Stellar, a technology that claims to move money directly between people, companies and financial institutions “as easily as email”, is a late entrant to the cryptocurrency party. Its SCP protocol, created by Stanford professor David Mazières, is being pitched as a faster, cheaper and more secure alternative to Bitcoin.
It works in a similar way. All transactions are recorded on a shared public ledger and are authorised by “a decentralized system in which participants together ensure integrity by agreeing on the validity of one another’s transactions.”

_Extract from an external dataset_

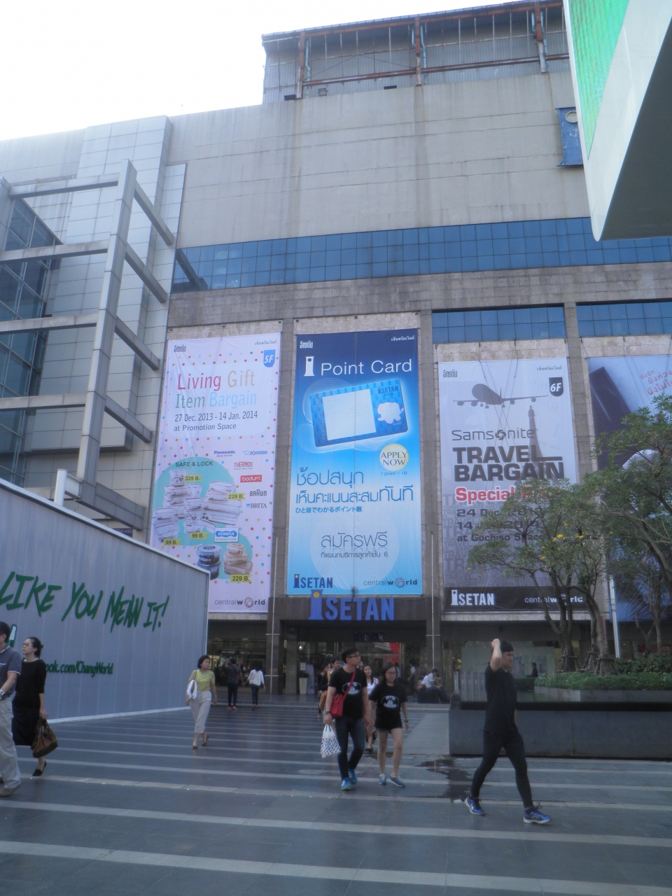 バンコクの民主記念塔付近からセンセーブ運河のボートに乗ってプラトナームの船着き場に到着しました。 ボートの料金を支払うときに、「イセタン」といったらわかってくれました。 伊勢丹のあたりは、ビックCやZENなどもありショッピングするのが楽しいところです。

With Bitcoin, a network of currency ‘miners’ run software to solve mathematical problems and receive new Bitcoins as a reward for doing so. Bitcoin transactions can only be verified by these miner machines. SCP does things slightly differently, enabling its users to identify their own trusted partners. It will only validate transactions once the majority of those partners have authorised them.
The model is called a federated Byzantine agreement (FBA).
Stellar hopes to be easier to use and more difficult to hack
“In FBA, each participant knows of others it considers important,” says Mazières. “It waits for the vast majority of those others to agree on any transaction before considering the transaction settled. In turn, those important participants do not agree to the transaction until the participants they consider important agree as well, and so on. Eventually, enough of the network accepts a transaction that it cannot be undone.”
Compared to Bitcoin, this approach to consensus and validation should make Stellar speedier to use and more difficult to hack.
The biggest challenge for any cryptocurrency is acceptance. It’s why the Stellar Development Foundation is a non-profit organisation and why Stellar has been designed to be open and inclusive.
“Just as the Internet allowed anyone to send an email or create a blog, Stellar’s common financial platform now allows you to easily send, save, and receive money, without large fees or hassle,” says the Stellar website.
Find out more at: www.stellar.org.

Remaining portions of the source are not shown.